═════ Provided data

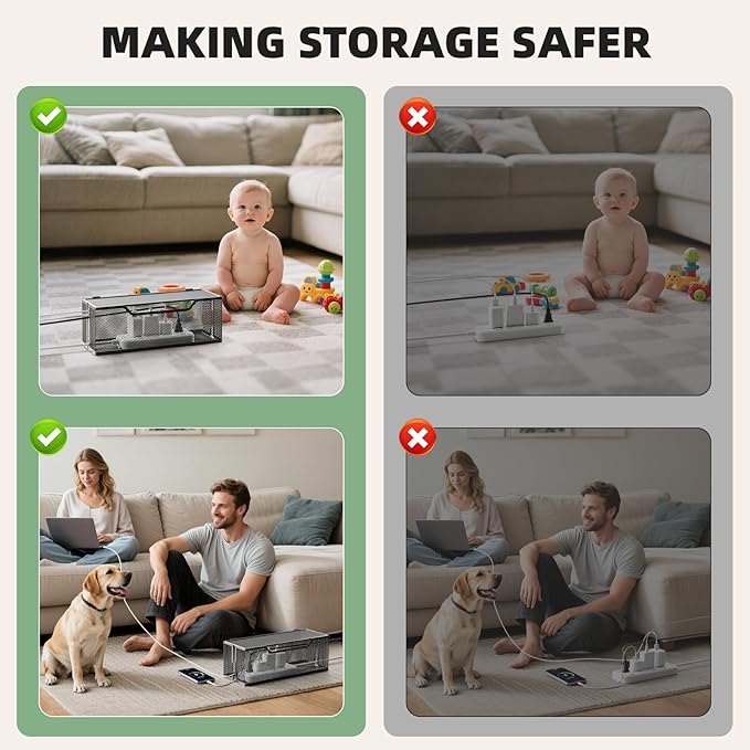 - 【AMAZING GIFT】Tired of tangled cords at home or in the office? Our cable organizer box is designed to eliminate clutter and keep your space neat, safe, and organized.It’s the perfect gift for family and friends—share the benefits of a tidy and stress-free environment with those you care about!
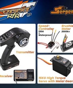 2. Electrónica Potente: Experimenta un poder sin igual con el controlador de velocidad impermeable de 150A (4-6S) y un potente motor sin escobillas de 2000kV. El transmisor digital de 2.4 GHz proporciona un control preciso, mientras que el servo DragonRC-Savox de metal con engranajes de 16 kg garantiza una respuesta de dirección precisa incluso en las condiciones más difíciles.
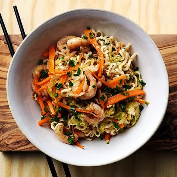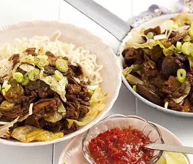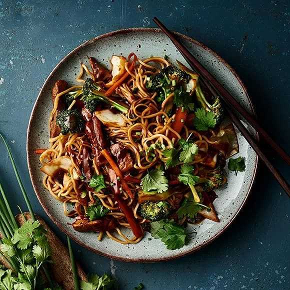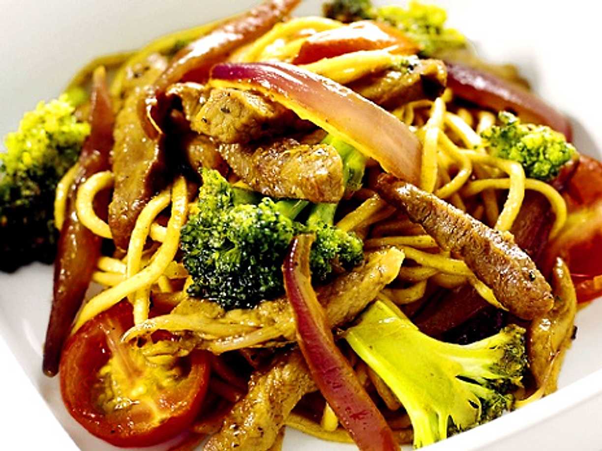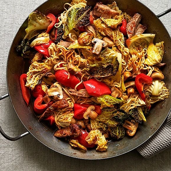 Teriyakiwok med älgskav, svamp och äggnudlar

══════════

→ What to do: The copy must start at the line containing "2. Electrónica Potente: Experimenta" and stop at the last line of the listing, both included, with every line exact and no pictures.

→ Exercise solution:
 2. Electrónica Potente: Experimenta un poder sin igual con el controlador de velocidad impermeable de 150A (4-6S) y un potente motor sin escobillas de 2000kV. El transmisor digital de 2.4 GHz proporciona un control preciso, mientras que el servo DragonRC-Savox de metal con engranajes de 16 kg garantiza una respuesta de dirección precisa incluso en las condiciones más difíciles.
 Teriyakiwok med älgskav, svamp och äggnudlar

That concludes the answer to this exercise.